[WHAT IS BEING ASKED]: Output the whole listing exactly, with no pictures.

[SOURCE MATERIAL]:
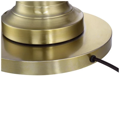 - Brushed antique brass finish base and pole. Metal construction.
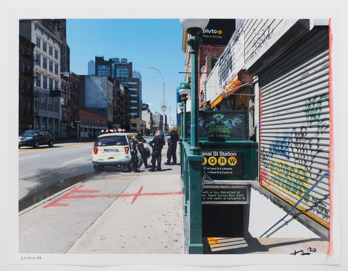 “Chinatown Police 2020.4.26”中,刘小东将一组警察画在中国城的街道上。
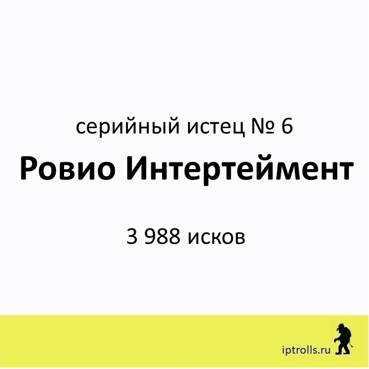 Мы собрали информацию о правообладателях, массово подающих претензии и иски в защиту авторских прав и прав на товарные знаки, а также полезные материалы и рекомендации, чтобы вы могли: разобраться в вопросе нарушений интеллектуальных прав правильно отреагировать на требования правообладателя избежать претензий в будущем Сейчас в базе 60+ серийных истцов. Вы можете проверить, не нарушаете ли вы чьи-то интеллектуальные права в рамках своего бизнеса или проекта, получить ответы на популярные вопросы и проконсультироваться. Правообладатель Ровио Интертеймент внесен в базу IPTrolls под № 6. Переходи в карточку правообладателя на сайте IPTrolls, чтобы узнать больше. Если вы не нашли ответ на свой вопрос, посмотрите другие материалы проекта или напишите нам через форму на сайте. _____________________ команда проекта IPTrolls 🕵🏻♂️Следите за обновлением базы

[THE COMPLETED TASK]:
 - Brushed antique brass finish base and pole. Metal construction.
 “Chinatown Police 2020.4.26”中,刘小东将一组警察画在中国城的街道上。
 Мы собрали информацию о правообладателях, массово подающих претензии и иски в защиту авторских прав и прав на товарные знаки, а также полезные материалы и рекомендации, чтобы вы могли: разобраться в вопросе нарушений интеллектуальных прав правильно отреагировать на требования правообладателя избежать претензий в будущем Сейчас в базе 60+ серийных истцов. Вы можете проверить, не нарушаете ли вы чьи-то интеллектуальные права в рамках своего бизнеса или проекта, получить ответы на популярные вопросы и проконсультироваться. Правообладатель Ровио Интертеймент внесен в базу IPTrolls под № 6. Переходи в карточку правообладателя на сайте IPTrolls, чтобы узнать больше. Если вы не нашли ответ на свой вопрос, посмотрите другие материалы проекта или напишите нам через форму на сайте. _____________________ команда проекта IPTrolls 🕵🏻♂️Следите за обновлением базы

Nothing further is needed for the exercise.